**LISTED ENTRIES:**
--- START ---
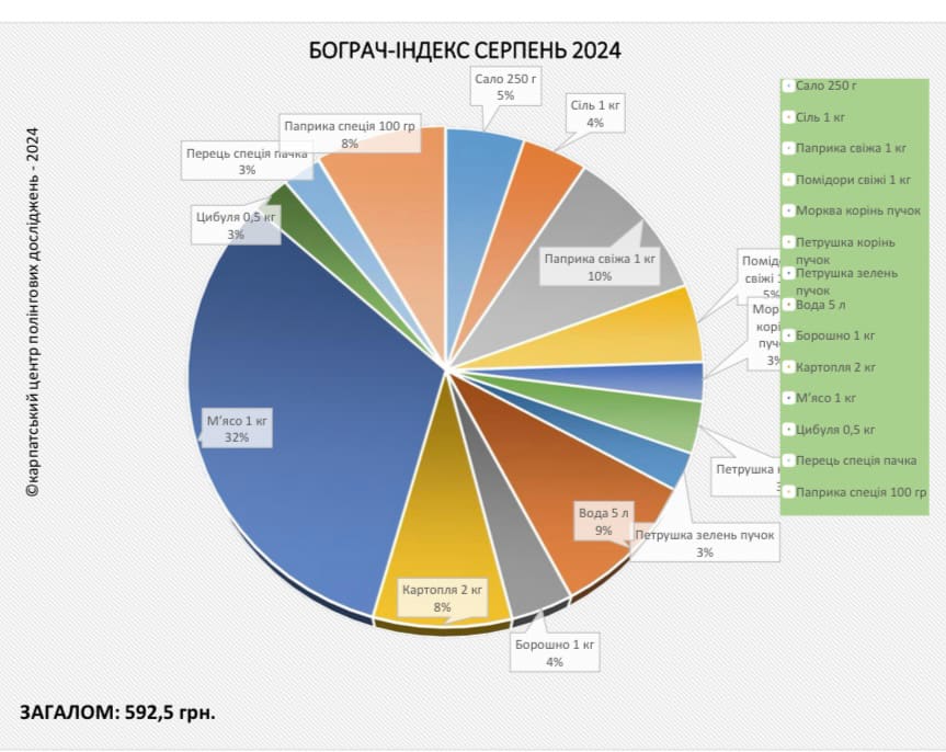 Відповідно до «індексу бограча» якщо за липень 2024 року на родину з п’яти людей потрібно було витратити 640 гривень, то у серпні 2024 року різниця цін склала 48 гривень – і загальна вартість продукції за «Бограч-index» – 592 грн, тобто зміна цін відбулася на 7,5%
--- END ---
--- START ---
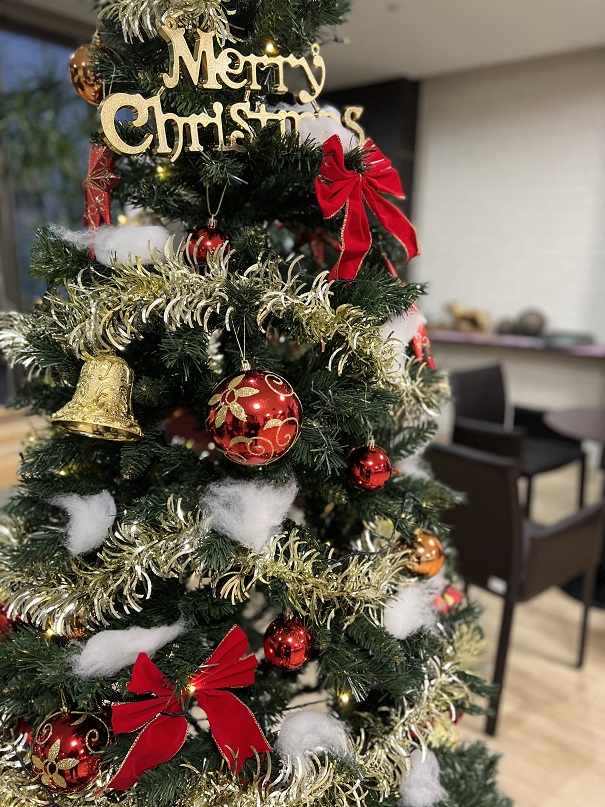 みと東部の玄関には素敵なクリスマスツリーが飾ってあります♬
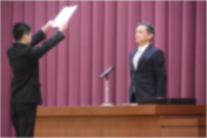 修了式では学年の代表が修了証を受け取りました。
--- END ---
**TASK TO CARRY OUT:**
An exact transcription is needed of the lines from the one with "みと東部の玄関には素敵なクリスマスツリーが飾ってあります♬" to the one with "修了式では学年の代表が修了証を受け取りました。" above, both ends included, with pictures left out.

**RESPONSE AREA:**
 みと東部の玄関には素敵なクリスマスツリーが飾ってあります♬
 修了式では学年の代表が修了証を受け取りました。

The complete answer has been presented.